El timbre de la puerta sonó con la fuerza de mil cañones, o
al menos eso le pareció a ella, sacándola de su sopor. Se giró para ir a abrir
mientras su esposo, que acababa de llegar para ajustarse el nudo de la corbata,
le daba un suave beso en la mejilla diciéndole lo guapa que estaba como si no
pasara nada.
Luis apareció al otro lado de la puerta con su eterna cara de
niño malo. Sonrió a sus dos anfitriones y pasó a dentro del amplio piso de la
pareja. Le dio un abrazo a su esposo y luego, con un tono jocoso, tomó la mano
de Laura y le dio un sonoro beso en los delicados nudillos de la mujer.
Tal vez el beso le pasara desapercibido a su marido, pero
ella pudo notar claramente como Luis, aprovechando la excusa, le dirigía una
caprichosa mirada a su escote mientras se agachaba para besarla. Y sobretodo
como empleaba la lengua y no los labios para darle el ósculo, dejando sobre su
mano una sensación de horrorosa humedad.
Ella encajó el golpe lo mejor que pudo. Conocía ya de sobra
la fama de bromista de Luis.

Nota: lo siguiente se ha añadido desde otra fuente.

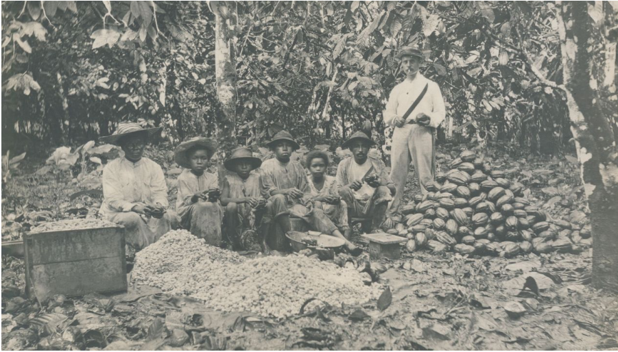
Aufschlagen von Kakaofrüchten, Bahia, Brasilien, um 1900 Photographie Sammlung Philipp Keller, Verkehrsarchiv, Verkehrshaus der Schweiz - © Guidle.com

Pensó que lo que debía hacer era tranquilizarse y
esperar a que viniesen las otras dos parejas ya que entonces todo sería más
ameno.
De nuevo sonó el timbre: esta vez era Andrés, que venía
curiosamente solo.
Lo siento chicos, pero Marta no puede venir: tiene dolor de
cabeza. –Dijo excusándose.
No pasa nada, que se le va a hacer.
La voz de su esposo sonó sumamente tranquila. Evidentemente,
pensó Laura, al él le importaba poco que no fuese su amigo quien fallara, sino
la amiga de su mujer. Bueno, al menos quedaba Ana.
Hola queridos. Ana no ha podido venir porque le dolía la
cabeza. Me ha pedido que me disculpe por ella, pero es que dice que está fatal.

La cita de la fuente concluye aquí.